Харука расплылась в улыбке, глядя, как гостья, вздохнув, стала наслаждаться сладостью клубники и ароматом мандаринов.

– Спасибо за такой прекрасный завтрак! Обычно я ем только тосты и хлопья. Ни то ни другое, по-моему, не особо полезно.

– В нашем рационе очень мало хлеба, – объяснила Харука. – А на Западе его едят слишком много. Это вредно для… – Она похлопала себя по животу.

– Да, вы правы. А ваш завтрак такой легкий! – Она совершенно не чувствовала, что переела, и не испытывала других неприятных ощущений.

Харука убирала посуду, настояв на том, что ей не нужна помощь, хотя Фиона предлагала. Она посмотрела на часы. Меньше чем через час за ней должен заехать Гейб. И она уже готова: через плечо перекинута сумка с камерой и блокнотом. Ей хотелось сделать в блоге что-то вроде путеводителя для туристов по Токио, и для этого она планировала записать названия станций (которые она все никак не запомнит!) и маршруты до главных достопримечательностей. Сегодня Гейб должен отвести ее в «Небесное дерево», самое высокое здание в Японии и (как накануне вечером с гордостью сказала ей Маю) самую высокую башню в мире. Фиона улыбнулась. «Все так относительно», – подумала она.

– Не возражаете, если я сделаю несколько снимков дома? – спросила она Харуку. – Я бы хотела разместить их в своем блоге и написать о том, каково это – жить в японском доме; он совершенно не похож на наш. Особенно туалет.

У нее не хватило смелости спросить хозяйку обо всех кнопках и символах на унитазе. Все казалось таким высокотехнологичным и сложным… Еще ее очаровало одно изящное решение: раковина была расположения над бачком унитаза, поэтому вода после мытья рук использовалась для слива. Просто гениально!

Только она встала, ее телефон пискнул.

Неожиданно на меня свалилось много работы, и, боюсь, сегодня я целый день буду занят в студии. Придется отложить нашу поездку. Заехать за тобой в то же время завтра?

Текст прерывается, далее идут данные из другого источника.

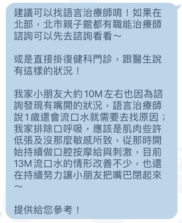 → q169 : 我家剛好相反,2歲多很愛講話張嘴動個不停,就會有08/16 22:03

Фиона бросила телефон на стол.

– Даже не верится! – сказала она, искренне застонав от обиды. – Гейб отменил сегодняшнюю поездку…

Харука нахмурилась.

– Это очень невежливо! Он приболел?

– Нет, написал, что ему нужно работать.

Ее рот сложился в тонкую линию, Харука выглядела крайне сердитой – настолько сердитой, насколько это было возможно с ее прекрасным безмятежным лицом.

– Вы могли бы пойти с ним на работу. Как раз была бы стажировка! Мне очень жаль…

– Все в порядке. – Фиона поморщилась. Хотя, конечно, какой уж тут порядок. Ей не терпелось начать сегодня и сделать хоть пару снимков для своей выставки.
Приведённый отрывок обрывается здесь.